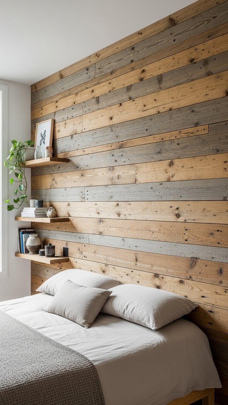 Layer salvaged pine planks across your master wall to create a warm, textured focal point that feels lived‑in and intentional. You’ll admire the weathered texture and natural grain while choosing plank alignment to enhance room width or height. Seal lightly to preserve patina, fasten securely, and pair with minimal bedding and open shelving so the wall feels freeing, not cluttered.
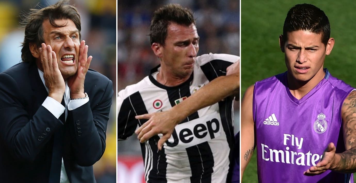 Arkivbilder: Antonio Conte, Mario Mandzukic, James Rodriguez. (TT)
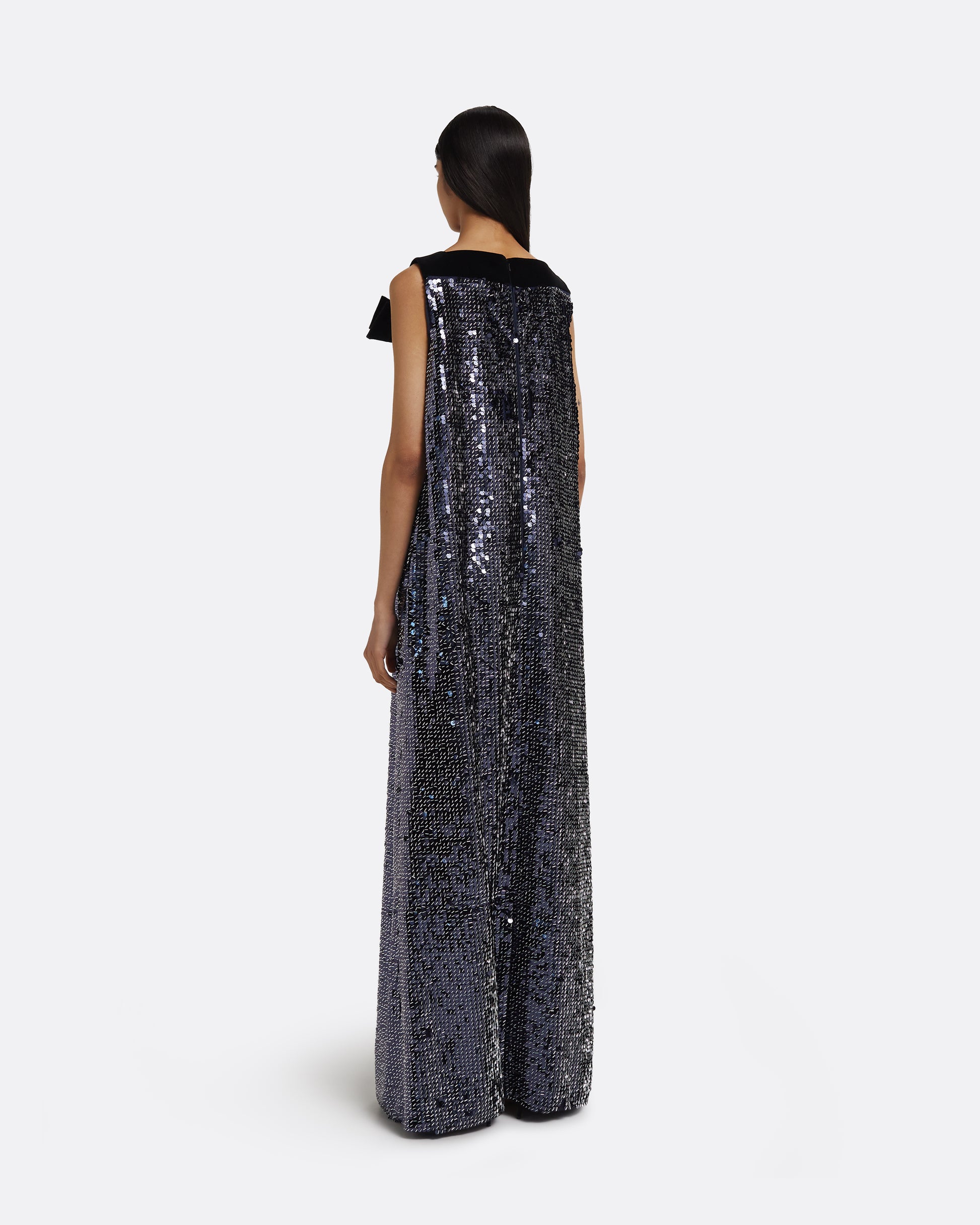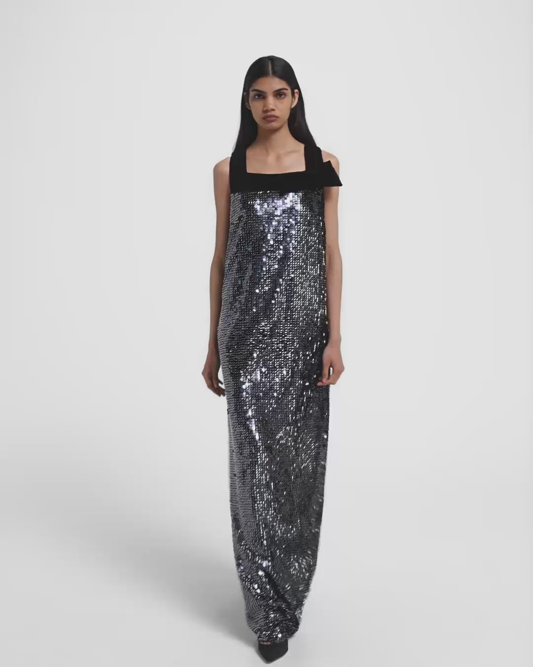 A play of light and line defines the Quincy Dress. Shaped with a square neckline and an easy A-line cut, this floor-length gown balances structure and sparkle. The contrast bow at the shoulder adds a final note of softness to the liquid-like shimmer of the surface.
========================
- **What you have to do**:
Your task is to set down each line above verbatim while excluding the pictures.

- **Task response**:
 Layer salvaged pine planks across your master wall to create a warm, textured focal point that feels lived‑in and intentional. You’ll admire the weathered texture and natural grain while choosing plank alignment to enhance room width or height. Seal lightly to preserve patina, fasten securely, and pair with minimal bedding and open shelving so the wall feels freeing, not cluttered.
 Arkivbilder: Antonio Conte, Mario Mandzukic, James Rodriguez. (TT)
 A play of light and line defines the Quincy Dress. Shaped with a square neckline and an easy A-line cut, this floor-length gown balances structure and sparkle. The contrast bow at the shoulder adds a final note of softness to the liquid-like shimmer of the surface.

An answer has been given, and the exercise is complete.